Comment by jacob019
Found the web interface: https://ux.priorlabs.ai/ Really cool!
Just playing around with regression mode...
A very simple dataset, powers of two:
1:2, 2:4, 3:8, 5:32, 6:64, 7:128 (missing the #4 value)
Predictions (1-10):
1.582 5.236 13.150 22.943 37.584 67.475 109.945 155.322 218.001 10,300.425
Error (1-10):
-26.4% 23.6% 39.2% 30.3% 14.9% 5.2% -16.4% -64.8% -134.9% -240.9%
... well, it has a positive slopeLet's see what happens if we copy the exact same values in the dataset 10 times first.
Predictions (1-10):
1.993 3.967 7.986 18.138 31.965 64.140 128.125 126.607 130.667 161.756
Error (1-10):
-0.3% -0.8% -0.2% 11.8% -0.1% 0.2% 0.1% -102.2% -291.8% -533.1%
Interesting, repeated values give the model a lot more confidence of the known values. The interpolated #4 value is still off by 12%. It does not extrapolate well at all.Looking forward to trying it on real world data with more features.

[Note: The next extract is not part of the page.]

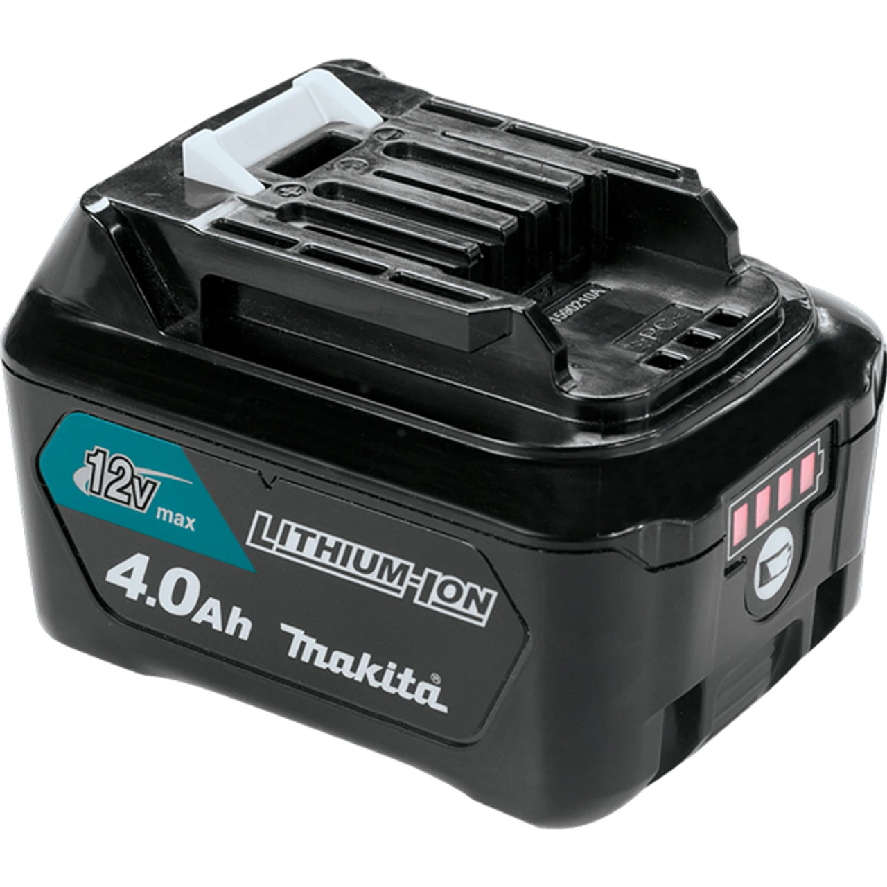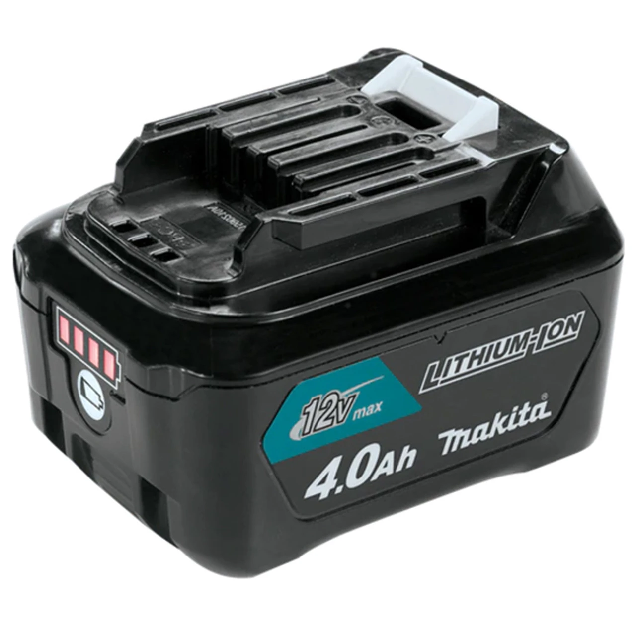 The 12V max CXT Lithium-Ion 4.0Ah Battery combines efficient performance with the superior balance and ergonomics of a slide-style battery and the convenience of an on-board L.E.D. battery charge level indicator. The 12V max CXT 4.0Ah battery (and 2.0Ah battery, sold separately) are at the heart of the expanding Makita 12V max CXT tool series, combining performance with superior ergonomics in a compact size. Makita 12V max CXT Lithium-Ion batteries can be charged on the efficient Makita 12V max CXT Lithium-Ion Charger (DC10WD). RUN TIME : Lithium-Ion battery delivers longer run time and lower self-discharge VERSATILITY : Part of the expanding 12V max CXT tool series, combining performance with superior ergonomics DESIGN : Features an integrated L.E.D. battery charge level indicator COMPATIBILITY : Use only with Makita chargers DC10WD and DC10SB FEATURES: Lithium-Ion battery delivers longer run time and lower self-discharge Features an integrated L.E.D. battery charge level indicator Compact design for less weight Part of the expanding 12V max CXT tool series, combining performance with superior ergonomics in a compact size Use only with Makita chargers DC10WD and DC10SB Not compatible with 12V max pod-style tools or chargers 3-year limited warranty Only use genuine Makita chargers INCLUDES : Includes 12V max CXT Lithium-Ion 4.0Ah Batter

Yes! This makes sense from a learning perspective: More samples add additional evidence the datapoint is actually what you observed - based on one sample the model is closer to a mean regression (which would translate to more balanced class probabilities in classification). Transformers have trouble counting repeated entries (there was a famous failure case of ChatGPT, asking it to count the number of 1s and 0s in a string). This model has some tricks to solve this.